Recorded data
○ ○ ○ ○ ○ ○ ○

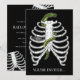 Design de Halloween apresentando a ilustração divertida de Destei de uma gaiola de costelas junto com um cobra verde e uma teia de aranha. A cor de fundo é preta, mas pode ser alterada para qualquer outra cor, se assim o desejar. Do outro lado há mais duas designs de gaiolas (sem o cobra) junto com áreas de texto personalizáveis.
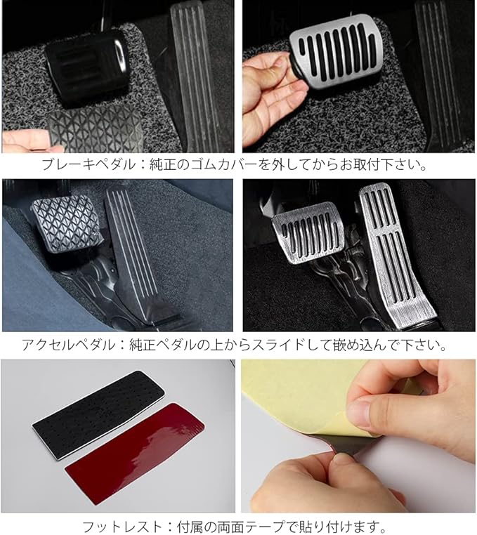 取り付け方法:説明書付き、工具不要でワンタッチで取り付け可能。アクセルペダルは純正ペダルの上からスライドして嵌め込んで、ブレーキペダルは既存のゴムペダルを取り外して付け替え、フットレストは両面テープで貼り付けます。
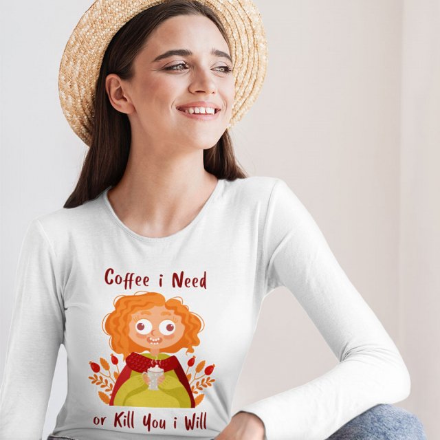 Funny Coffee Long Sleeve T-Shirt – Autumn T-Shirt – Illustration Long Sleeve Tee Shirt
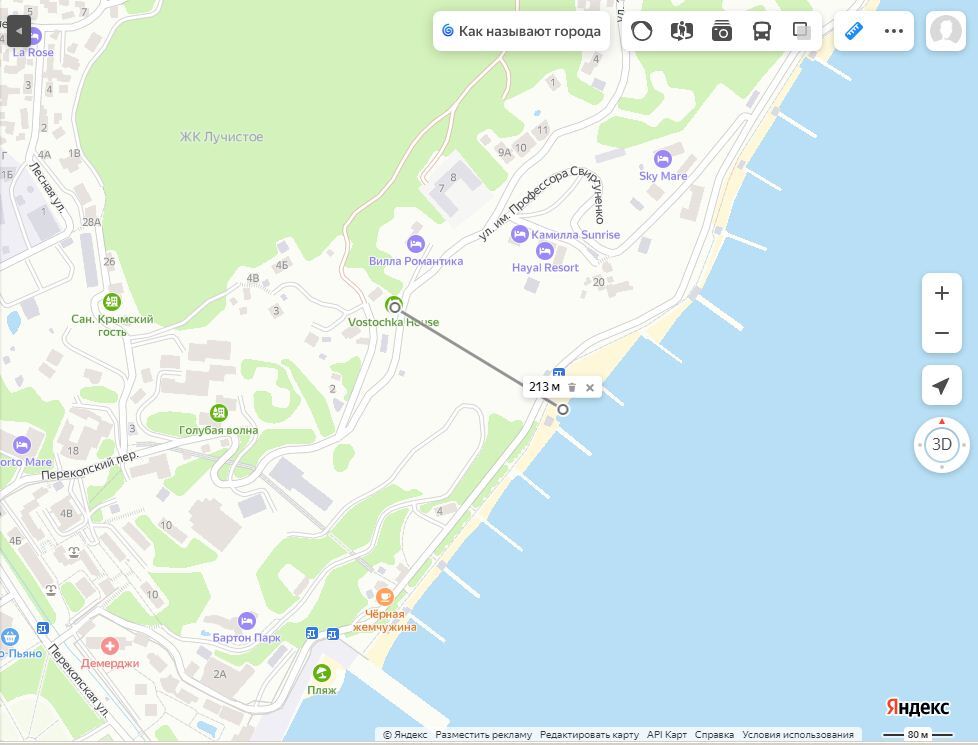 Частный дом «Vostochka Нouse» в самом городе Алушта (15 мин. пешком от центра), в начале восточной набережной, к Семидворье относимся только почтовым адресом. До моря 200 м. До пляжа 260 м. по лестнице или 400 м. по асфальтированной дороге. Парковка возле дома (камеры). До центра Алушты 15 минут ходьбы. До центральной набережной 600 м. До ж/д вокзала г. Симферополь 40 км. Все расстояния реальные, смотрим Яндекс карту. Рядом находятся парк-отель «Порто-Маре», пансионат «Голубая волна», Федеральный тренировочный центр сборных команд России «Крымский» (бывший стадион «Спартак»), приморский парк, дельфинарий «Немо».

○ ○ ○ ○ ○ ○ ○

What is expected
Return all of the lines above without alteration, minus the pictures.

Answer to the exercise
 Design de Halloween apresentando a ilustração divertida de Destei de uma gaiola de costelas junto com um cobra verde e uma teia de aranha. A cor de fundo é preta, mas pode ser alterada para qualquer outra cor, se assim o desejar. Do outro lado há mais duas designs de gaiolas (sem o cobra) junto com áreas de texto personalizáveis.
 取り付け方法:説明書付き、工具不要でワンタッチで取り付け可能。アクセルペダルは純正ペダルの上からスライドして嵌め込んで、ブレーキペダルは既存のゴムペダルを取り外して付け替え、フットレストは両面テープで貼り付けます。
 Funny Coffee Long Sleeve T-Shirt – Autumn T-Shirt – Illustration Long Sleeve Tee Shirt
 Частный дом «Vostochka Нouse» в самом городе Алушта (15 мин. пешком от центра), в начале восточной набережной, к Семидворье относимся только почтовым адресом. До моря 200 м. До пляжа 260 м. по лестнице или 400 м. по асфальтированной дороге. Парковка возле дома (камеры). До центра Алушты 15 минут ходьбы. До центральной набережной 600 м. До ж/д вокзала г. Симферополь 40 км. Все расстояния реальные, смотрим Яндекс карту. Рядом находятся парк-отель «Порто-Маре», пансионат «Голубая волна», Федеральный тренировочный центр сборных команд России «Крымский» (бывший стадион «Спартак»), приморский парк, дельфинарий «Немо».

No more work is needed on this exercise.